In this exercise, copy exactly the lines from the one that contains "Картридж Экософт Экомикс" through the end of the entries below; pictures are not copied.
----- Entries provided -----
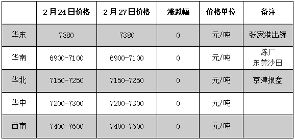 2月27日,原油收盤繼續(xù)上漲,利好甲苯市場,然下游需求跟進有限,華東市場盤整為主,業(yè)者心態(tài)謹慎;華南地區(qū)主營煉廠報價暫穩(wěn),市場暫穩(wěn)整理。華東市場價格在7380元/噸,環(huán)比持穩(wěn);華南市場價格在6900-7100元/噸,環(huán)比持穩(wěn)。
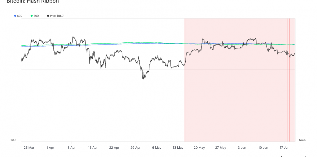 Glassnode data shows that the hash rate, a measure of the processing power dedicated to mining Bitcoin, is striving to return to 600 exahashes per second (eh/s), with the ATH being 655 eh/s on a 7-day moving average (7DMA). Despite ongoing mining capitulation, hash ribbons briefly indicated an end to this capitulation when the 30-day moving average (30DMA) rose above the 60DMA. However, the 30DMA has since dipped below the 60DMA again. This movement suggests the end of the mining capitulation is near.
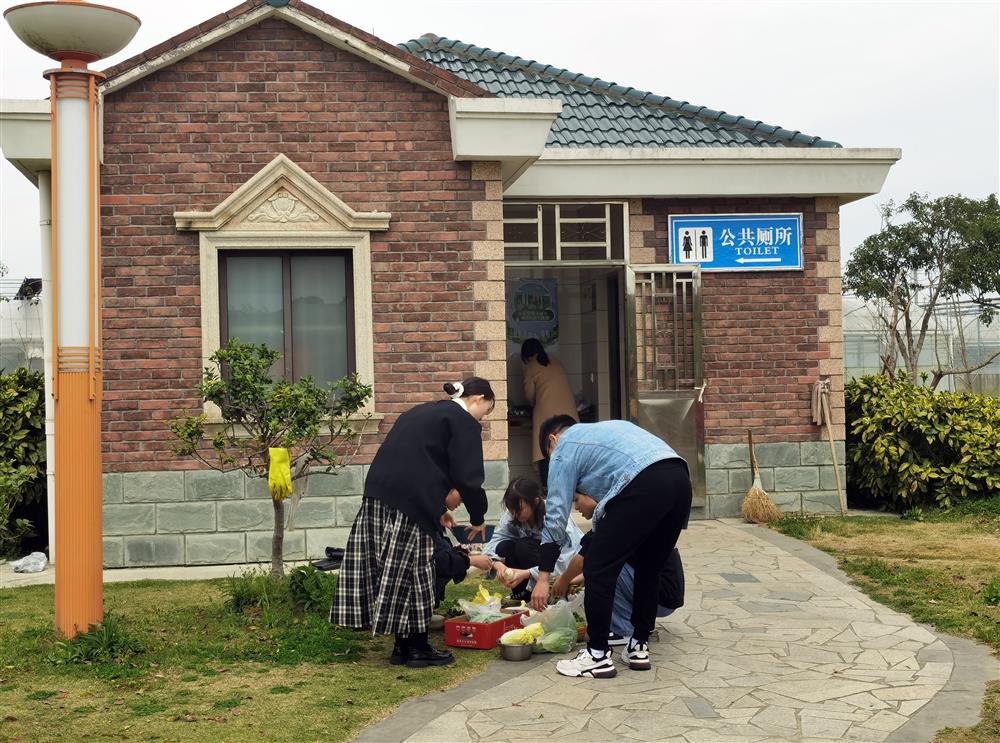 浦东新区法治主题园里,一群年轻人正“霸占”着公园厕所洗菜,准备烧烤的食材。
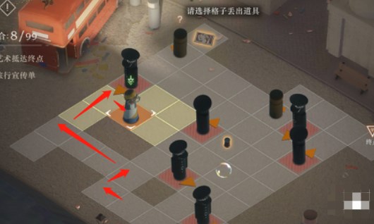 2、这个时候道具可以仍在自己身前一格的位置,这个位置不会遭到游客阻拦。
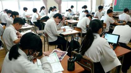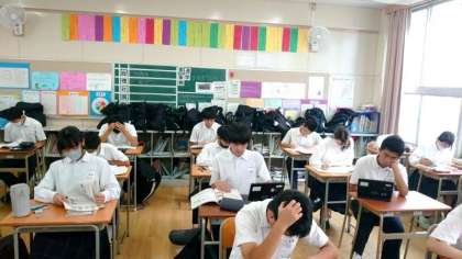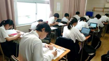 今日は3年第2回実力テスト。現在、各教室ではテスト勉強の真っ最中。ノートやワークを広げて復習する人や、タブレット端末で学習内容を確かめる人など、それぞれのスタイルで自学自習を進めます。皆さんの健闘を祈っています!
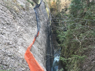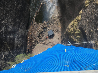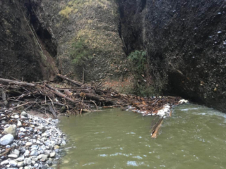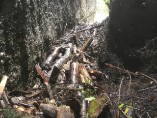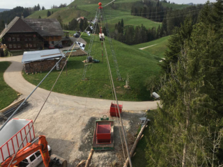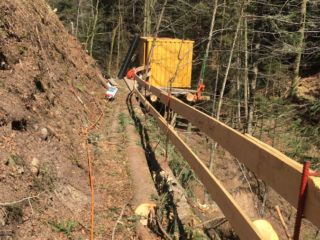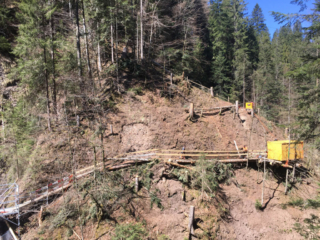 In der Räblochschlucht soll ca. 1700m3 Schwemmgut im Räbloch sowie die ca. 500 m3 Schwemmholz oberhalb des Räblochs mittels Schienenkran und Teleskopgreifarm aus der Schlucht entfernt werden.
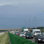 Zablokowany jest środkowy pas ruchu. Występują duże utrudnienia w ruchu.
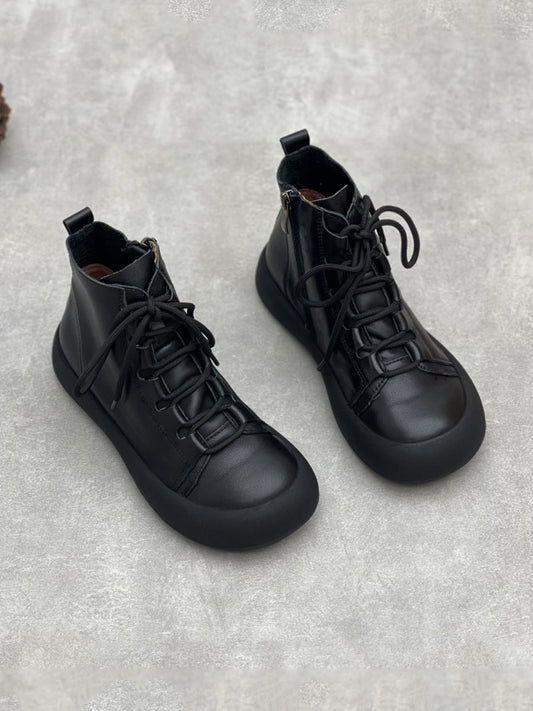 Spliced Flat Leather Genuine Boots Winter Women
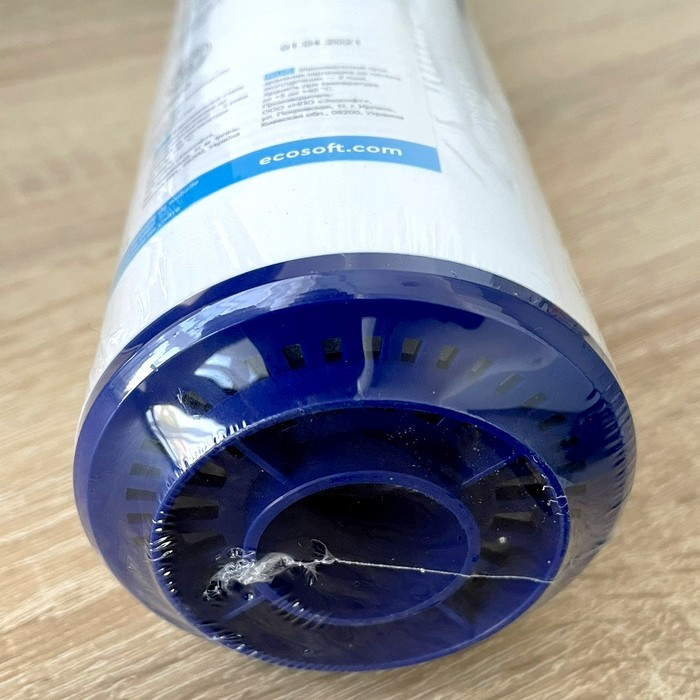 Картридж Экософт Экомикс Д37 для комплексной очистки имеет стандартный размер 10х2,5" и подходит под все стандартные колбы 10". Не стоит превышать рекомендуемую скорость фильтрации, это может привести к ухудшению качества очистки воды.
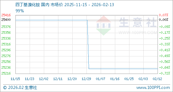2月13日生意社四丁基溴化铵基准价为25233.33元/吨
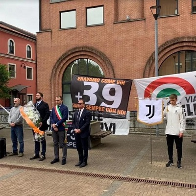 Domenica 29 maggio 2022. In piazzetta Vittime Stadio Heysel, alle ore 11, dopo 37 anni si ricordano i Caduti della Finale della Coppa dei Campioni Juventus Liverpool, per non dimenticare i 39 morti.
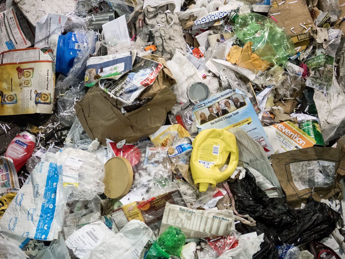 Recycling material moves along a conveyor belt to be sorted at Waste Management’s Material Recovery Facility in Elkridge, Md. In 2018, China announced it would no longer buy most plastic waste from places like the U.S.
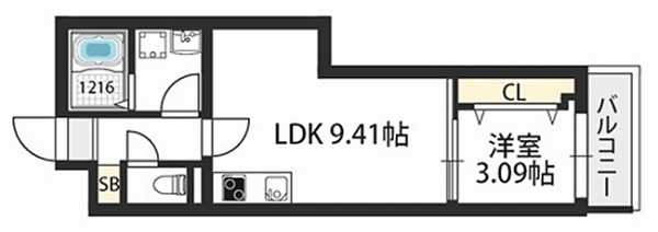 9.41帖のLDKに3.09帖の洋室からなる間取り。
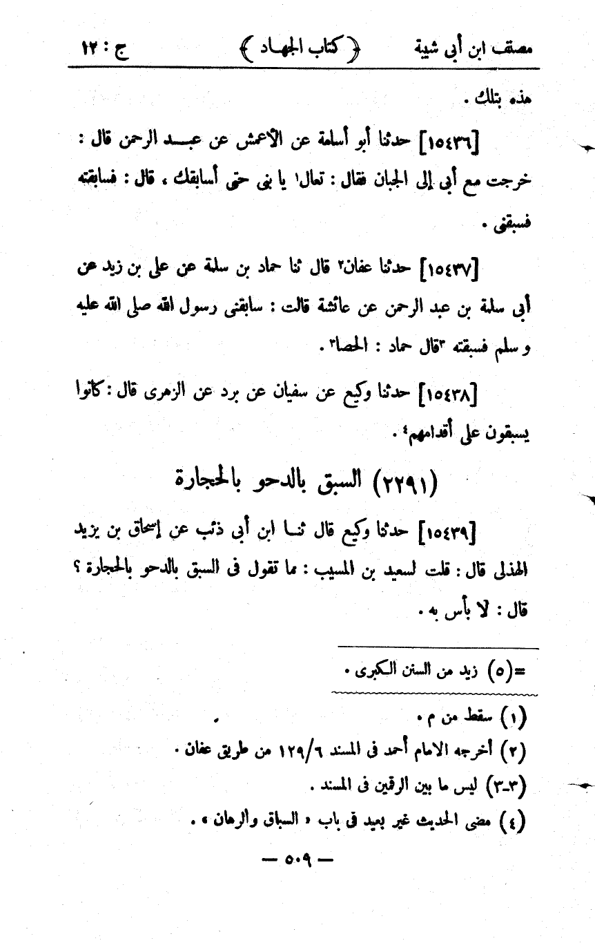 34277- حَدَّثَنَا وَكِيعٌ ، عَنْ سُفْيَانَ ، عَنْ بُرْدٍ ، عَنِ الزُّهْرِيِّ ، قَالَ : كَانُوا يَسْتبقُونَ عَلَى أَقْدَامِهِمْ.
-----
- [Reply]:
 Картридж Экософт Экомикс Д37 для комплексной очистки имеет стандартный размер 10х2,5" и подходит под все стандартные колбы 10". Не стоит превышать рекомендуемую скорость фильтрации, это может привести к ухудшению качества очистки воды.
2月13日生意社四丁基溴化铵基准价为25233.33元/吨
 Domenica 29 maggio 2022. In piazzetta Vittime Stadio Heysel, alle ore 11, dopo 37 anni si ricordano i Caduti della Finale della Coppa dei Campioni Juventus Liverpool, per non dimenticare i 39 morti.
 Recycling material moves along a conveyor belt to be sorted at Waste Management’s Material Recovery Facility in Elkridge, Md. In 2018, China announced it would no longer buy most plastic waste from places like the U.S.
 9.41帖のLDKに3.09帖の洋室からなる間取り。
 34277- حَدَّثَنَا وَكِيعٌ ، عَنْ سُفْيَانَ ، عَنْ بُرْدٍ ، عَنِ الزُّهْرِيِّ ، قَالَ : كَانُوا يَسْتبقُونَ عَلَى أَقْدَامِهِمْ.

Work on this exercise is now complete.